Love set you going like a fat gold watch.
The midwife slapped your footsoles, and your bald cry
Took its place among the elements.
Our voices echo, magnifying your arrival. New statue.
In a drafty museum, your nakedness
Shadows our safety. We stand round blankly as walls.
I’m no more your mother
Than the cloud that distils a mirror to reflect its own slow
Effacement at the wind’s hand.
All night your moth-breath
Flickers among the flat pink roses. I wake to listen:
A far sea moves in my ear.
One cry, and I stumble from bed, cow-heavy and floral
In my Victorian nightgown.
Your mouth opens clean as a cat’s. The window square
Whitens and swallows its dull stars. And now you try
Your handful of notes;
The clear vowels rise like balloons.
Sylvia Plath (Feb 1961)
S1 – The first line of a poem is very important and this first start line is such a wonderful definitive statement on the start of life, that of the birth of a baby, and indeed relevant to life in general. ‘Fat’ and ‘Gold’ appropriate for fat signifies health in a baby as weight is so important for increase is eagerly sought by the mother. Gold signifies purity.

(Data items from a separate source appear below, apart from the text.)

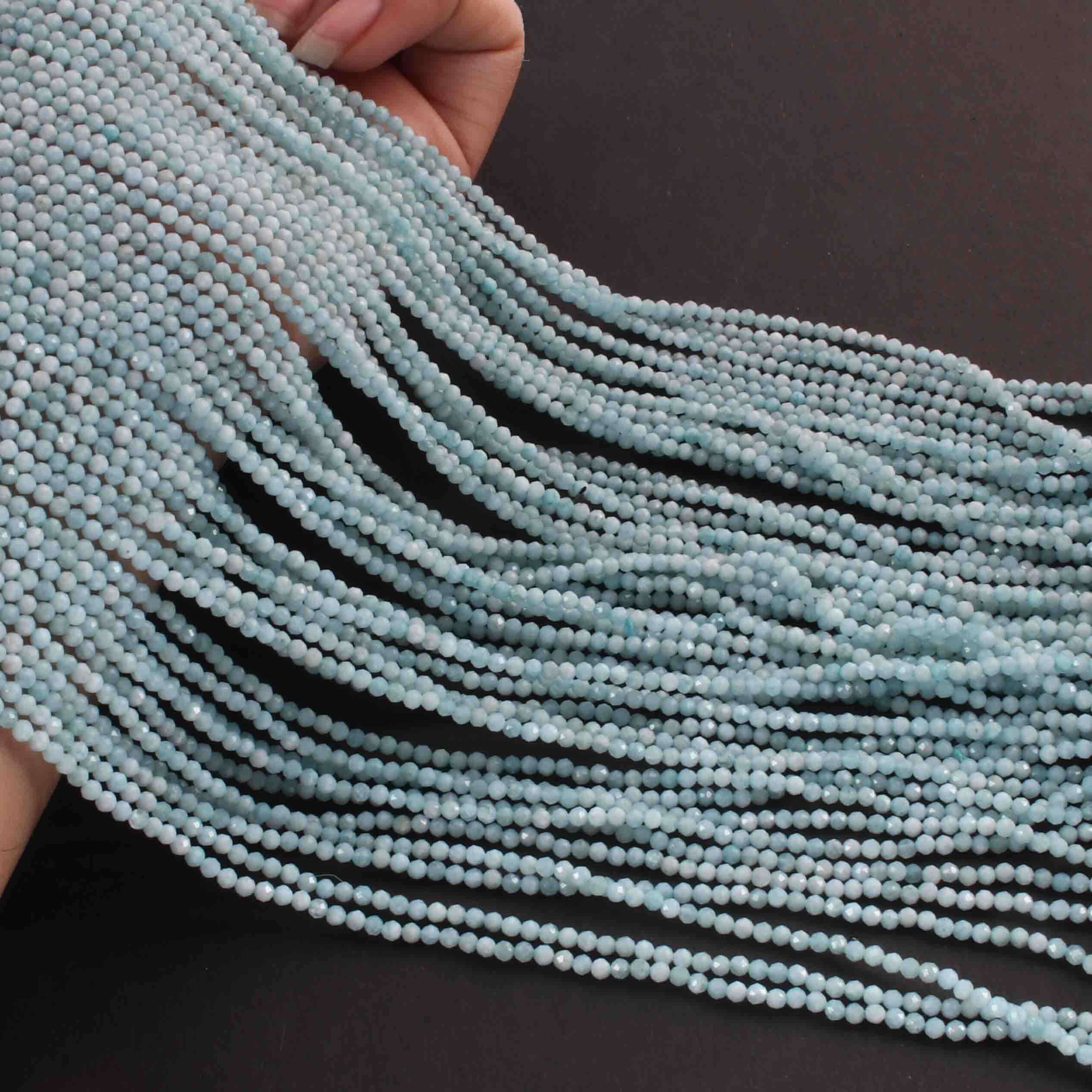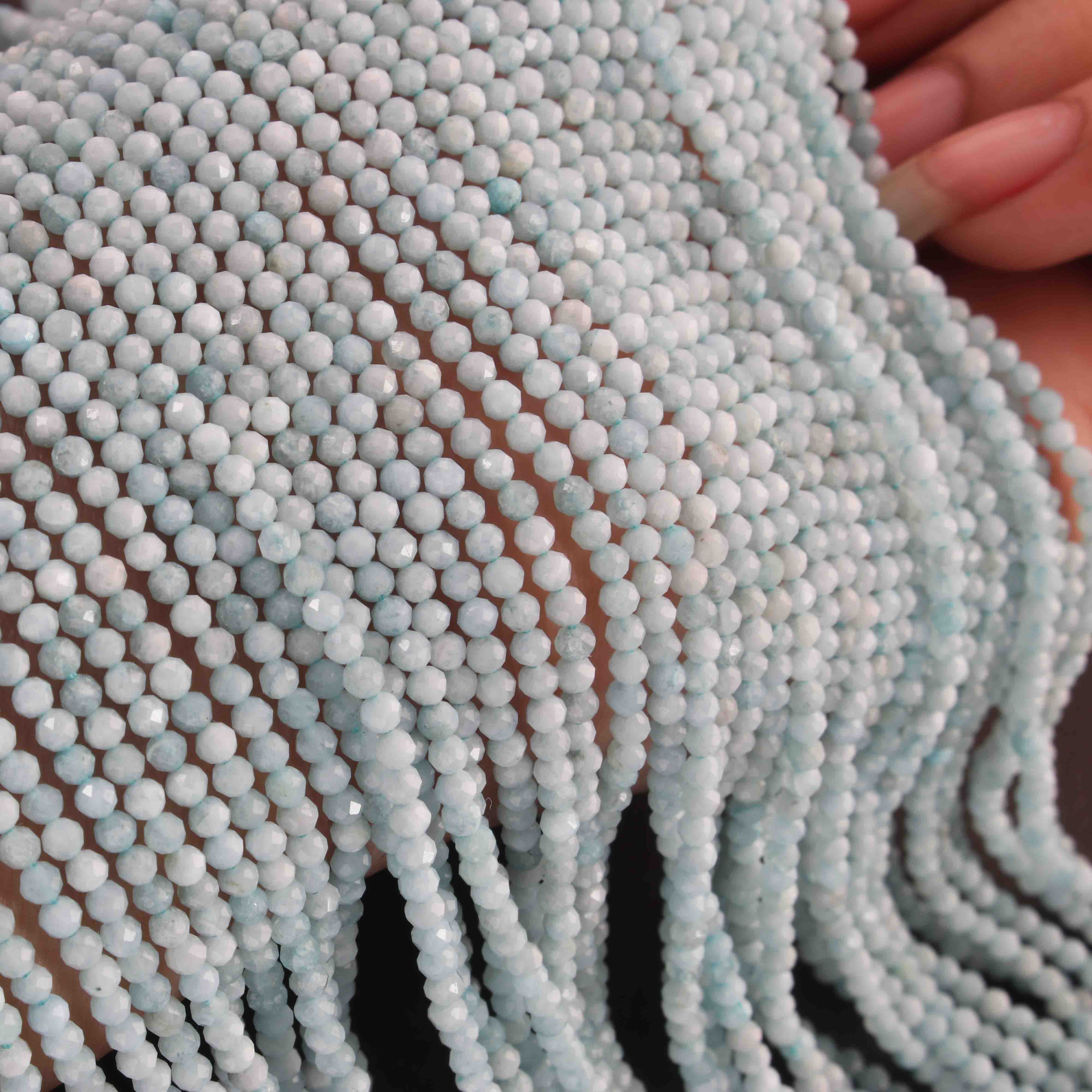 AAA Aquamarine Micro Faceted 3mm Beads -RB489
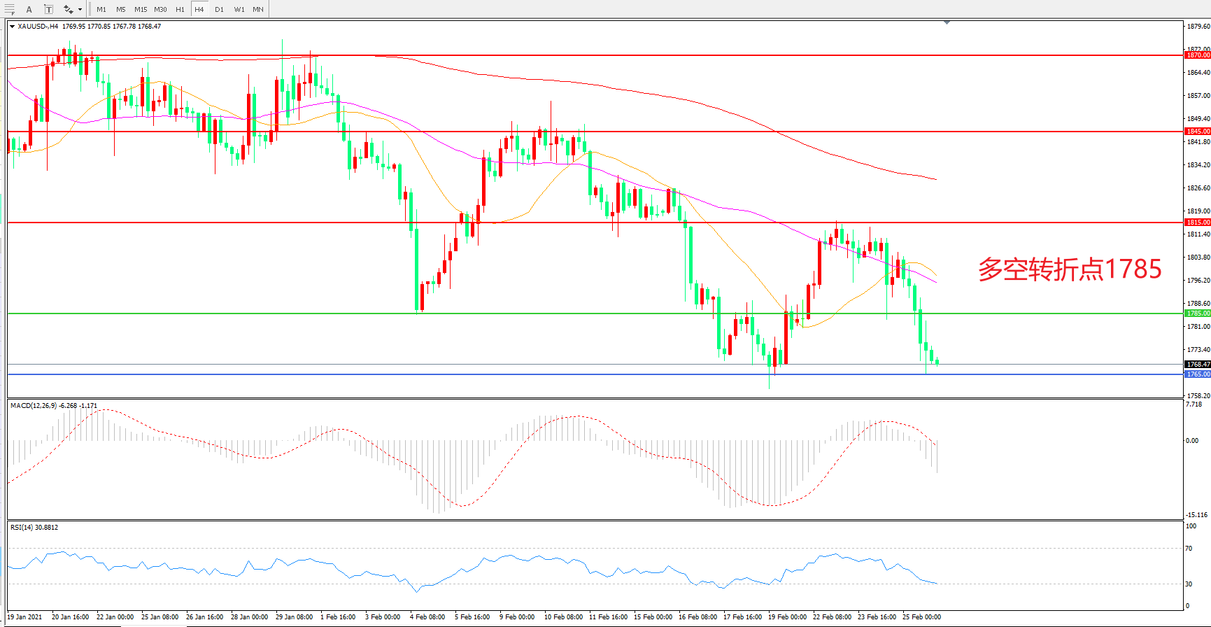 周四(2月25日),美国公布当周初请失业金人数,录得73万人,少于市场预期,同时公布的还有美国1月耐用品订单,也录得六个月来最大增幅。现货黄金闻讯大跌,较日内高点回落25美元,最终收报1769.31美元/盎司。美国上周初请失业金人数大幅减少,意味着随着新冠疫情传染率的下降以及接种活动的加快,美国经济将继续走强,对美元形成提振。
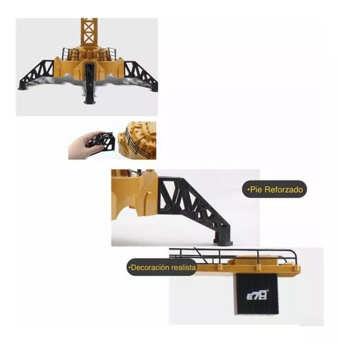 Grúa de juguete 128 cm Grúa de construcción torre de altura Eliminar control interior exteriorDescripción:Tipo: Grúa de juguete Material: PlásticoColor: amarillo+negro Batería de control remoto: 4 * AA (no incluida)Carga: aproximadamente 250 gLongitud del cable remoto: aprox. 120 maltura: aprox. 73 cm/1 m/1,28 mTamaño del paquete: 60 x 26,5 x 17,7 cm aprox.Peso: aproximadamente 1550 g(1 cm = 10 mm = 0,39 pulgadas).Detalles de medición en la imagen adjunta.El paquete incluye:1 grúa de juguete con mando a distancia.Características:100% nuevo.Apto para la construcción. modelos, modelo de mesa de arena, modelos de trenes, modelo de juguete, diseño de escena, paisaje exterior,artesanía realista y excelente mano de obra.Enseñanza estudiantil, libros de texto de psicología, micropaisajismo, miniatura coleccionable.Función: Girar a la izquierda y a la derecha, puede levantarse y caer. Gira 360 grados.
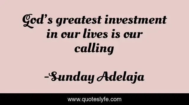 This page presents the quote "God’s greatest investment in our lives is our calling". Author of this quote is Sunday Adelaja. This quote is about life, blessing, finance, invest, work, calling, job, purpose, money,.
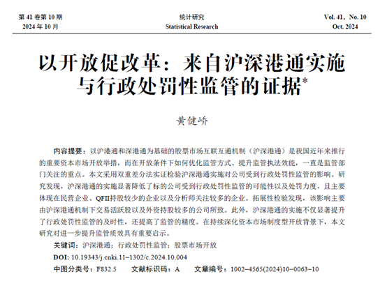 公司黄健峤博士独立撰写的学术论文“以开放促改革:来自沪深港通实施与行政处罚性监管的证据”在《统计研究》2024年第10期发表。
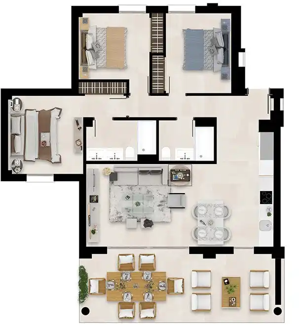 - Cuisine dînatoire avec table à manger pour 6 personnes
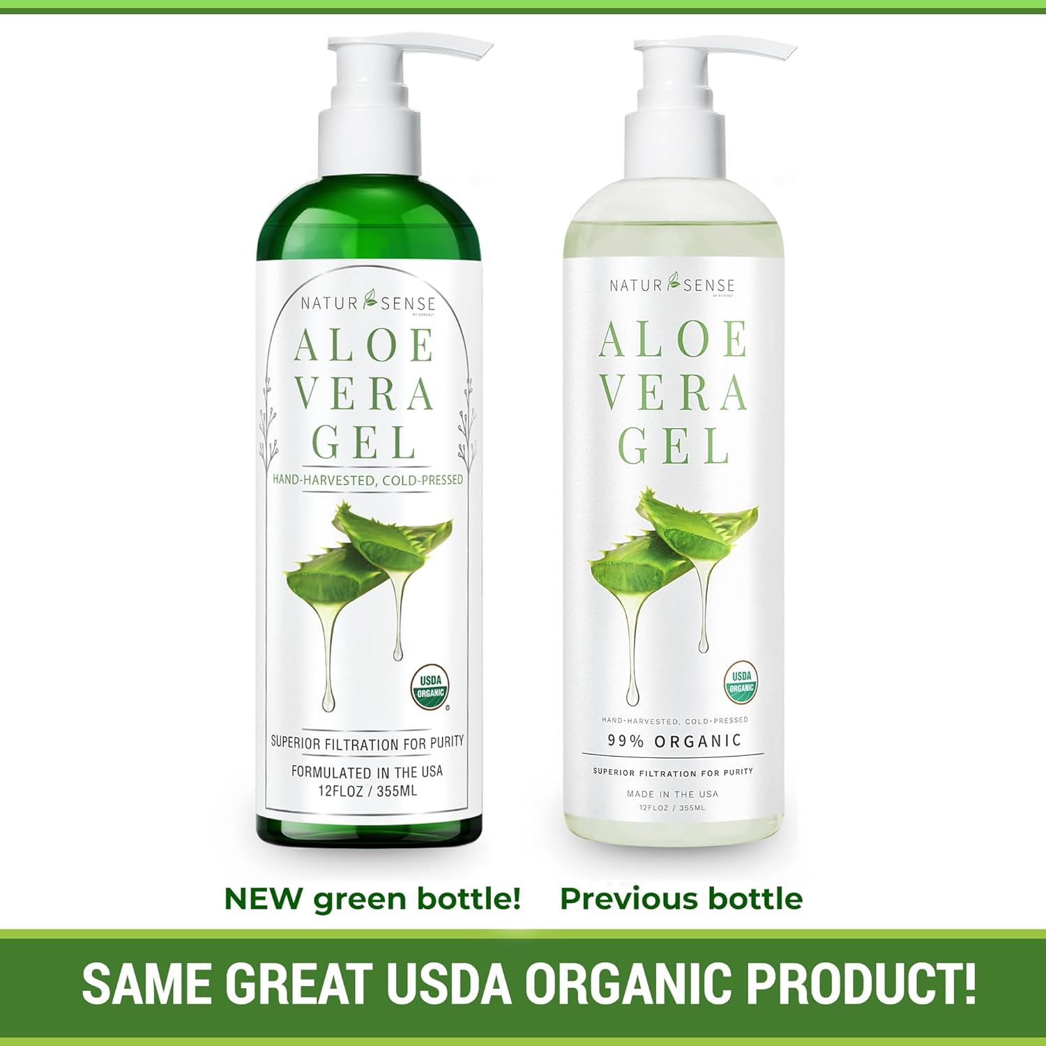 NaturSense USDA Organic Aloe Vera Gel from 100% Pure Aloe. Deep Hydration, Effective Moisturizing. Great for Hair, Scalp, Face, Dry Skin, Acne, Sunburn, Sensitive Skin. Unscented, 12 oz.
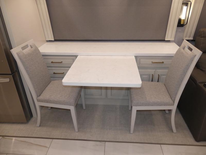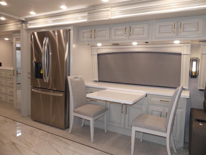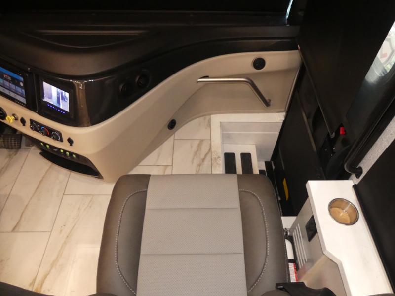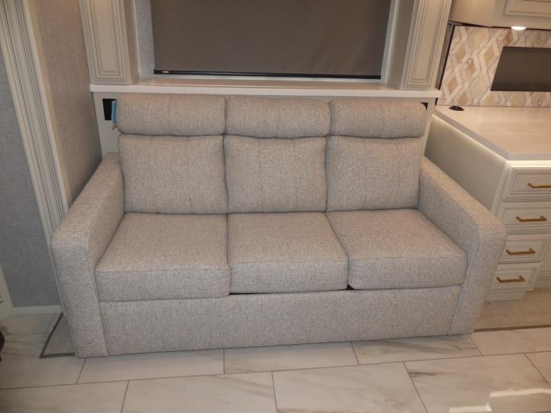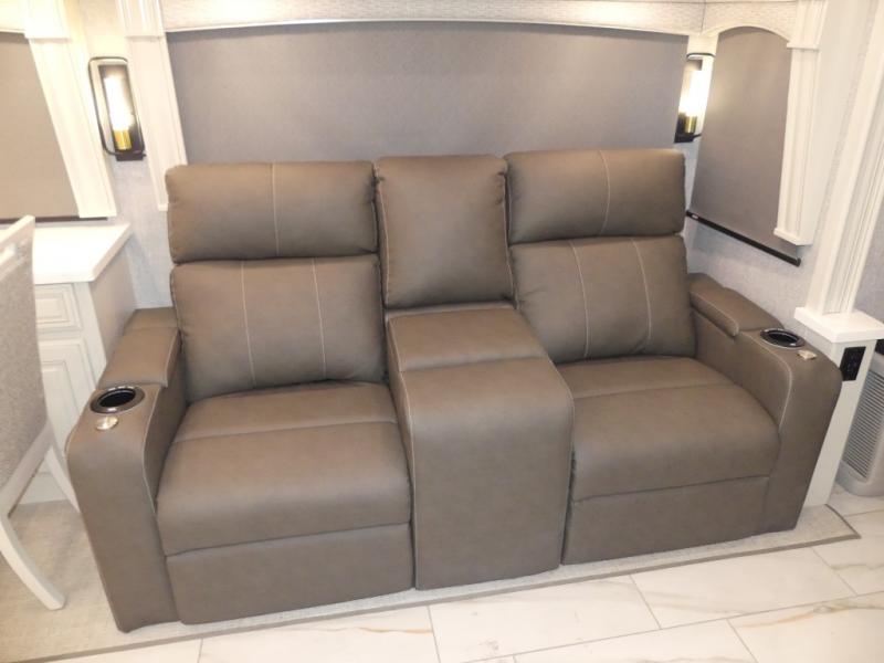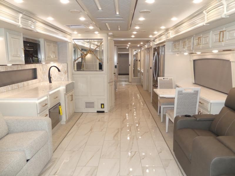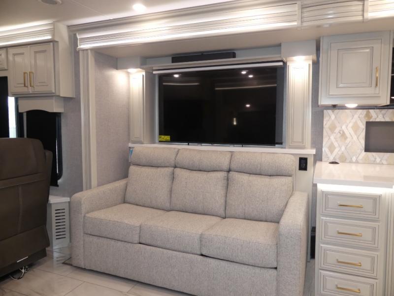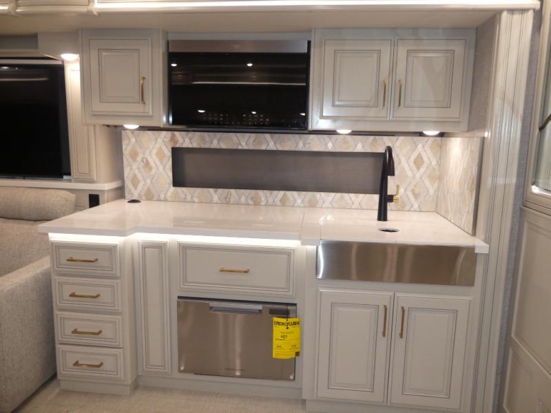 Head across the country or state in this spacious coach! The motion power lounge provides a comfy place to relax, and the sleeper sofa with a full-size mattress will be perfect for guests. The full kitchen includes a two burner induction cooktop and stainless steel over-the-range convection microwave to cook meals, plus a dishwasher for easy clean-up and a residential refrigerator for food storage. You will love having a king bed slide out to sleep on, along with dual bedroom wardrobes and a dresser to keep your clothes tidy. The mid-coach half bath is easily accessible for everyone to use, and the full rear master bath is sure to be a big bonus. Here, you'll find dual bath sinks, a spacious shower, and a walk-in closet with tons of storage and a stackable washer and dryer. This coach also includes LED TVs to keep you entertained, including an exterior entertainment center with a Bluetooth soundbar!
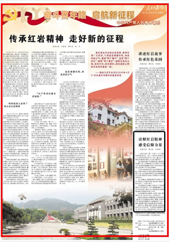 “新時(shí)代干事創(chuàng)業(yè)的征程中,紅巖精神依然是我們強(qiáng)大的精神力量!敝貞c紅巖革命歷史博物館副研究館員葉維維說(shuō),要實(shí)現(xiàn)中華民族偉大復(fù)興,崇高的思想境界和堅(jiān)定的理想信念必不可少。無(wú)論是黨員干部黨性教育,還是各級(jí)學(xué)校的思想政治理論課,紅巖精神都可以發(fā)揮重要作用,以提升學(xué)習(xí)教育效果,讓紅色基因代代相傳。
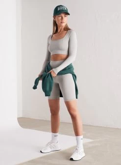 Light Grey Melange Luxe Seamless Cropped Long Sleeve
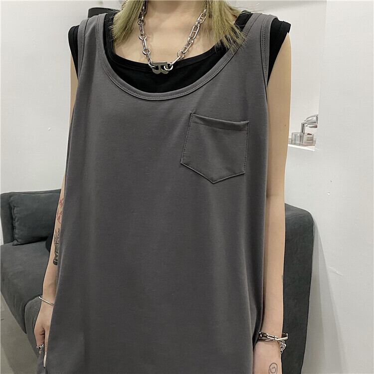 ノースリーブTシャツレディース夏服韓国ファッションNEWルーズカジュアルラウンドネックトップス 夏物 Oネック ボーイズ スタイル コーデ モノクロ Studio95275073759 | pLegLad Studios
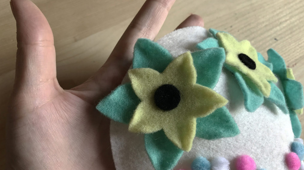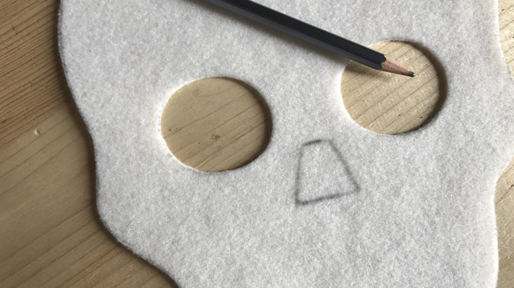 Особенность термопластичного фетра состоит в том, что посредством тепловой обработки его можно моделировать. Охлаждённый фетр держит форму, приобретённую во время выпечки. Мы воспользуемся этой техникой, чтобы придать объём цветам на лбу черепа. Приступим!
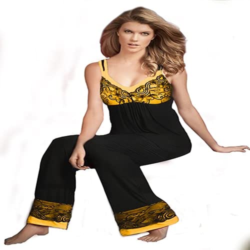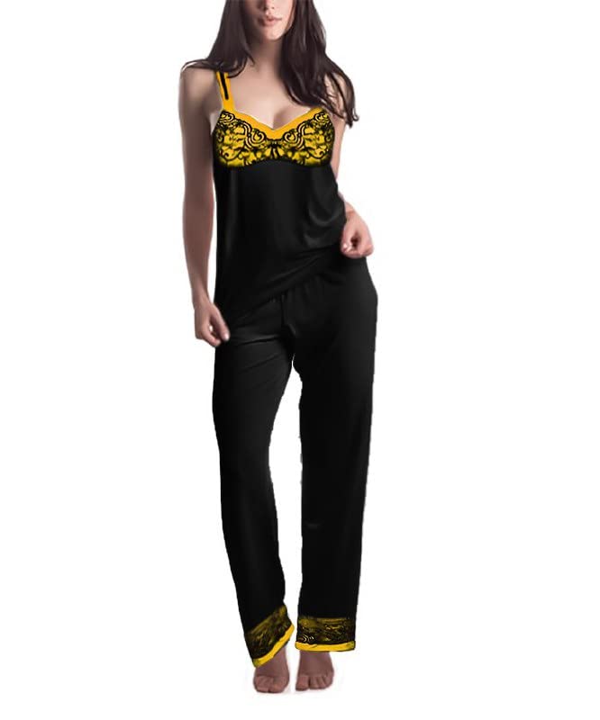 Generic - بيجامة نسائى توب بحمالات وبنطال مزينة بدانتيل
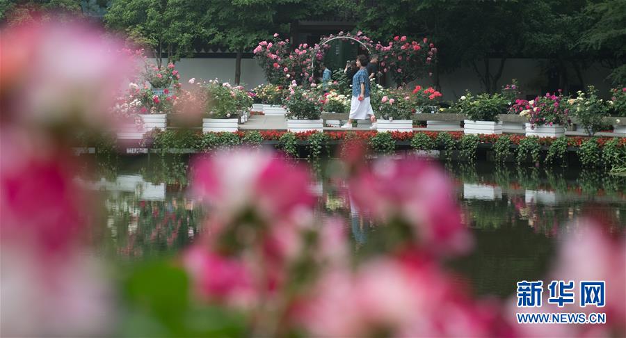 5月5日,游客在西湖畔的郭莊觀看月季花展?!拔逡弧逼陂g,第八屆杭州西湖月季花精品展在杭州西子湖畔舉行,展出國內(nèi)外700余個月季品種。新華社記者翁忻旸攝
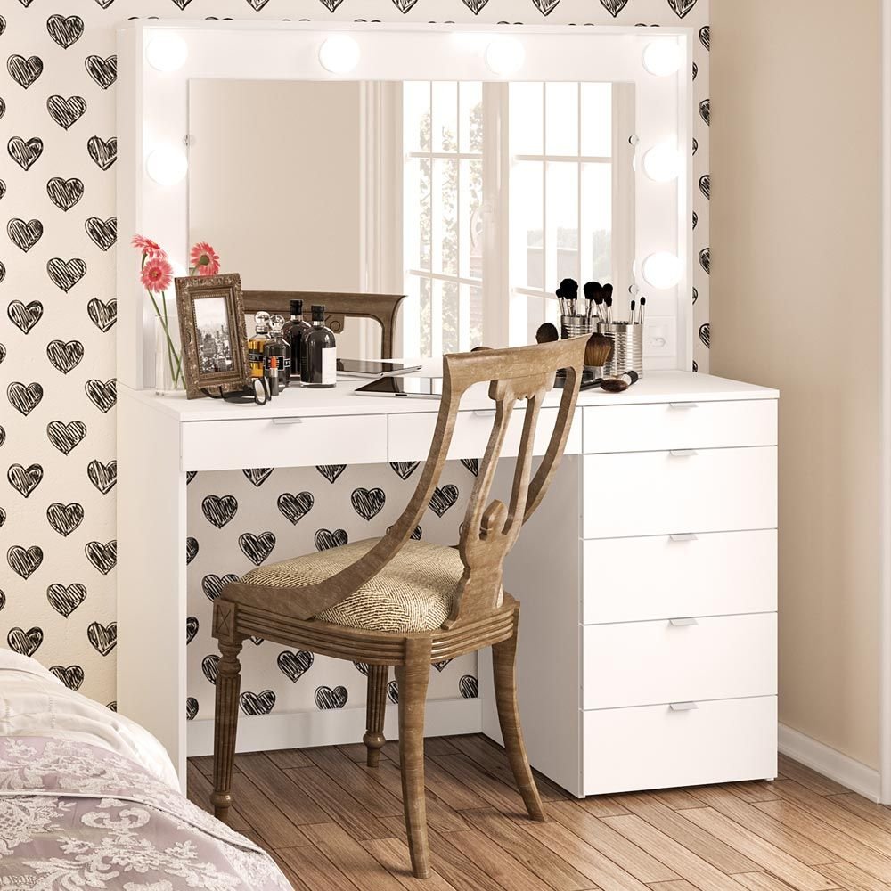 Penteadeira Camarim Las Vegas Para 8 Lâmpadas 7 Gavetas Branco Politorno

S2 – Voices echo at the birth usually a common joy resonates A museum signifies history and those of the old generation. Drafty (= draughty) generates an uncomfortable feeling and the ‘nakedness’ of the baby in this new environment increases the concern. The audience is a blank entity as far as the baby is concerned. The baby has no awareness of how he or she fits into the world – she is very much a new exhibit with everyone watching intently.
S3 – This is an interesting image expression to show the independence that exists between mother and child. A cloud trying to catch an image of itself as the wind quickly dissipates any such attempt.
S4/S5 – The mother is in constant awareness of the sound of the baby at sleep – akin to the sound of the sea in her ear. She wakes to listen for re-assurance. And it only takes one cry for an immediate response. ‘Stumble’ might indicate that the mother is tired from getting up to tend the needs of the baby or from keeping herself awake in her attentive concern.
S6 – I like the personification of the window square as it takes colour in a white frame and as it swallows the stars as dawn dissolves the night. The handful of notes belong to the baby, perhaps the starting voice of that independence referenced in the third stanza. Balloons of course are colourful and have happy child associations – and the healthy sounds of the baby are truly a bright ‘morning song’ to the mother.
Footnote – Cats do have clean mouths – due in part to the fact that the saliva in a feline’s mouth destroys germs and keeps the mouth clean. This is more powerful in cats than it is in humans and dogs, probably because cats use their mouths to clean themselves so often.